Cartoon critics Phil Witte and Rex Hesner look behind the gags to debate what makes a cartoon tick. This week our intrepid critics take a look at Grandparents.
First up is Roz Chast with a cartoon featuring a grandpa seated between two grandkids who are curious about a wondrous thing that seems to come from a fairytale. They’ve heard him explain it once, but they find the concept so intriguing they want to hear about it again. Grandpa seems pleased to oblige. Pensions have largely disappeared, but the diamond-patterned wallpaper in a Roz Chast cartoon endures.
Along the same theme is a cartoon by Phil Witte, co-author of this blog. The subject is another concept from bygone days: civility. The first line of the caption puts across the gag, much like the Chast cartoon, and the second line adds a layer to the gag that’s almost poignant.
One more “tell us agin” cartoon, this one by James Stevenson featuring anthropomorphic frogs. A little knowledge of French Impressionism is needed to get the gag, of course. Stevenson depicts several lily pads receding into the distance to convey a marshy environment that inspired Monet’s late works.
The relationships between generations are not always convivial, a point made sharply by David Sipress. The grandchild no doubt thinks Gramps has lost his mind, while Dad looks on disapprovingly. Even without the wrinkles, one can immediately determine that the speaker is elderly: he’s wearing a necktie. Incidentally, the painting on the wall looks very much like other works of art in Sipress’s cartoons, resembling a framed “grawlix,” the typographical symbols used in comic strips to represent swear words.
Here’s another Sipress cartoon, this one with an immigrant grandfather, whose memories of the Old Country are bittersweet or maybe just mixed up. The setting on the ship may have evoked recollections of entering New York Harbor on his way to Ellis Island. The grandkids are baffled.
Grandmas need to get into the act, too, and Bruce Kaplan meets the challenge with a cartoon that has a Yiddish-inflected caption. She’s a bubbe not to taken lightly as she charges in, demanding her right to crow about her grandchild, but her friends don’t seem to mind. This is one of the few cartoons by BEK where two characters are smiling … three or more if you count the grandkids in the photos.
Ben Schwartz takes us back to World War II and an inspirational squad leader with a remarkable talent for accurately imagining the future. In addition to the excellent artwork—those propeller warplanes establish the timeframe—the caption is a fine example of anticlimax, stretched out over 27 words in the third sentence.
Moving along to a couple peculiar cartoons, we have two grandpas about to duke it out in a cartoon by Zach Kanin. Apparently older men lose track of their waistlines, resulting in high-pants syndrome.
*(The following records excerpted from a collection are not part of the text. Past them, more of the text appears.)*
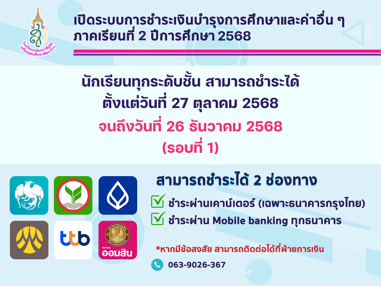 การชำระค่าบำรุงการศึกษาและค่าชมรมผู้ปกครองและครู ภาคเรียนที่ 2 ปีการศึกษา 2568
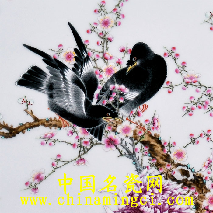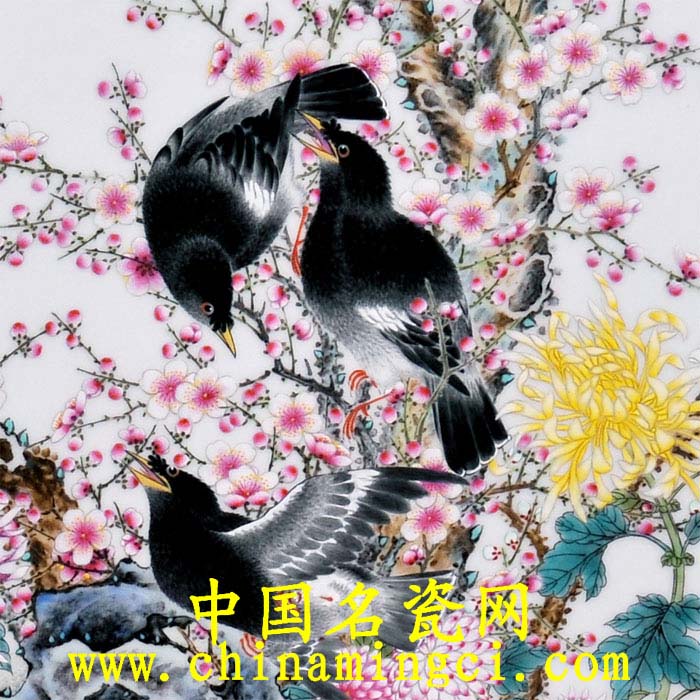同时也恰恰呼应了画的主旨:“芳园又见四君子,群鸟枝头报春来”。徐墉老师以精细的工笔描绘八哥,惟妙惟肖,呼之欲,并将梅之遒劲,兰之清新,竹之淡雅,菊之靓丽,表现得淋漓尽致。画面结构和谐,繁简有度,设色清丽,可见徐墉老师深厚的工笔绘画技艺及对粉彩的超强驾驭能力。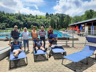 Neu im Freibad haben sich 10 Badeliegen eingefunden - wie man sieht, liegt man gut. Die alten, aber durchaus beliebten Badeliegen haben ausgedient. Jetzt stehen bequeme Liegen inklusivem schützendem Sonnendach zur Verfügung, die an der Kasse gegen Pfad und einer Leihgebühr ausgeliehene werden können.
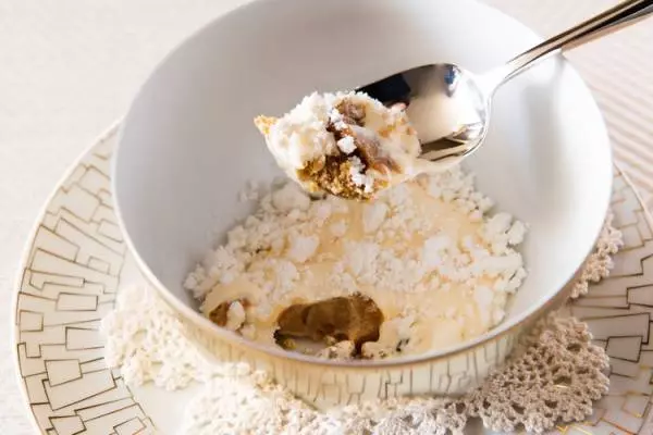 ポレンタの粉で焼いたビスコッティ、キャラメルジェラート、松の実、レーズンの上に、目の前で練り上げた滑らかなクリームをたっぷりのせ、白いエスプレッソパウダーをトッピングする“白いティラミス”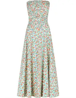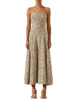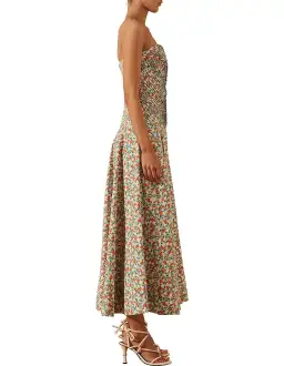 Shona Joy Ulani Strapless Pleated Midi Dress Floral Size 8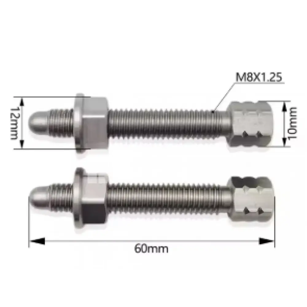 - Практичний комплект з 2 штук: Продаж у комплекті по два болти є дуже зручним, оскільки натяг ланцюга на більшості мотоциклів регулюється з обох боків маятника. Одночасна заміна обох болтів гарантує рівномірне зношування, синхронну роботу механізму натягу та запобігає дисбалансу, який може виникнути при використанні старих і нових деталей разом.

When it comes to absurdist humor, few can match P.S. Mueller. Everything about this cartoon is startling: the Picassoesque treatment of the woman, the needle-like hair of the child (a boy?), the caption in an oddly shaped banner, and of course the gag itself. Mueller has a unique artistic style to go with his quirky sense of humor.
We began with a Chast cartoon with the title “Once upon a time,” and close with a fairytale-themed cartoon by the great Sam Gross. His story has a surprise ending satisfying to both Grandma and her lupine paramour, though Little R.R. probably would like to unsee this scene. And they lived happily ever after.